PROMPT:
Retype all of the data word for word, without pictures.

DATA:
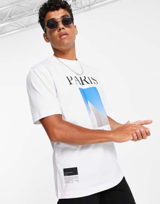 Topman oversized fit t-shirt with Paris print in white
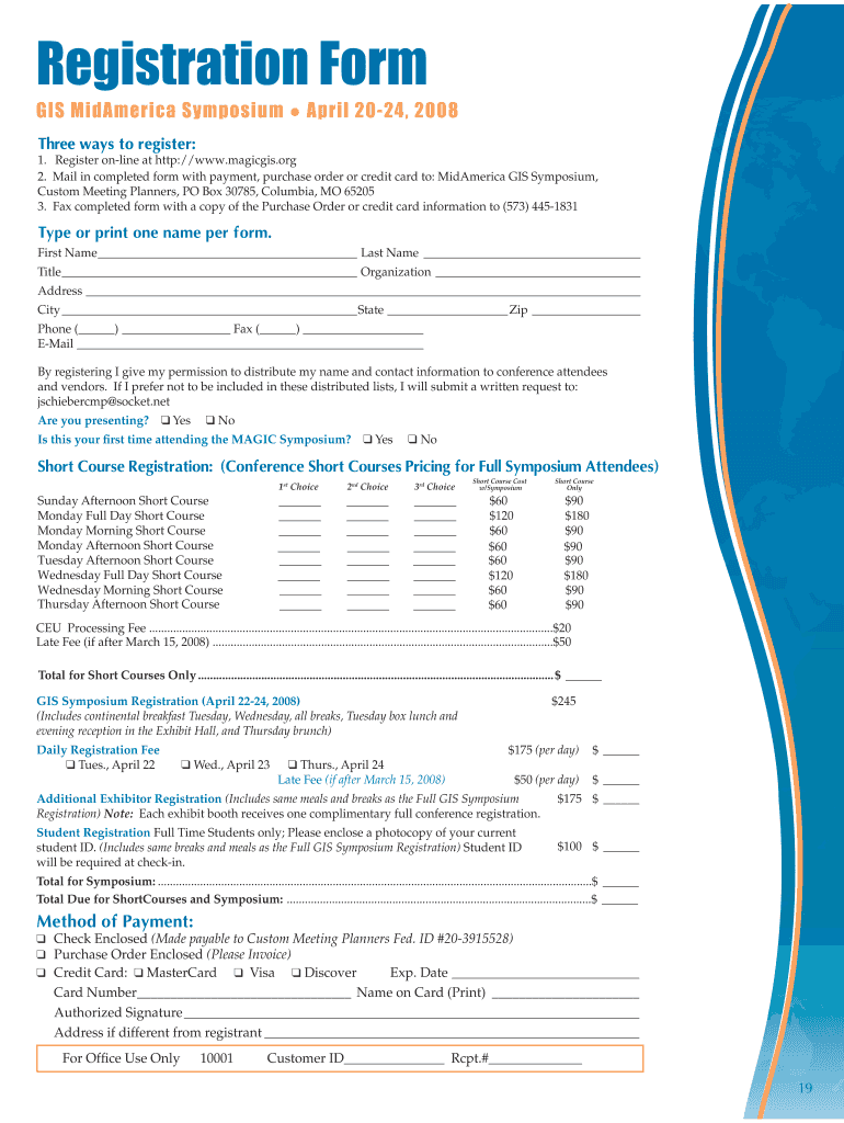 Registration Form GIS mid-America Symposium ? April 20-24, 2008 Three ways to register: 1. Register on-line at http://www.magicgis.org 2. Mail in completed form with payment, purchase order or credit
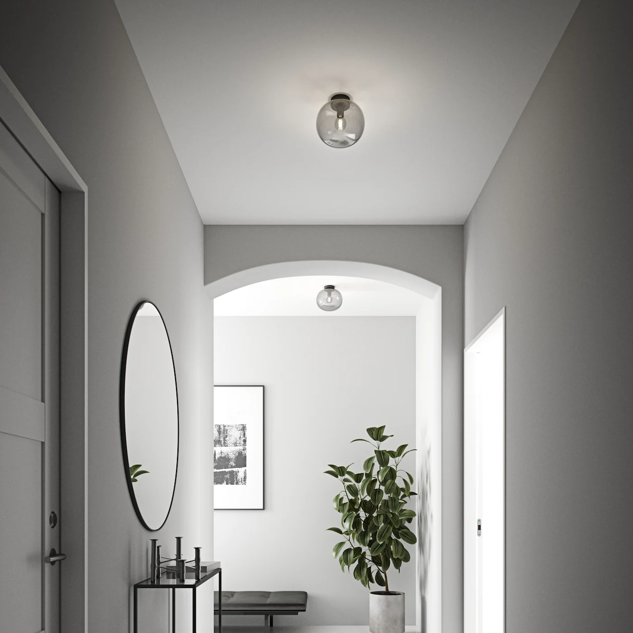 Alton taklampe er en usedvanlig skjønnhet som kombinerer moderne røykfarget glass og matt metall på en ytterst overbevisende måte.

SOLUTION TO THIS PROBLEM:
 Topman oversized fit t-shirt with Paris print in white
 Registration Form GIS mid-America Symposium ? April 20-24, 2008 Three ways to register: 1. Register on-line at http://www.magicgis.org 2. Mail in completed form with payment, purchase order or credit
 Alton taklampe er en usedvanlig skjønnhet som kombinerer moderne røykfarget glass og matt metall på en ytterst overbevisende måte.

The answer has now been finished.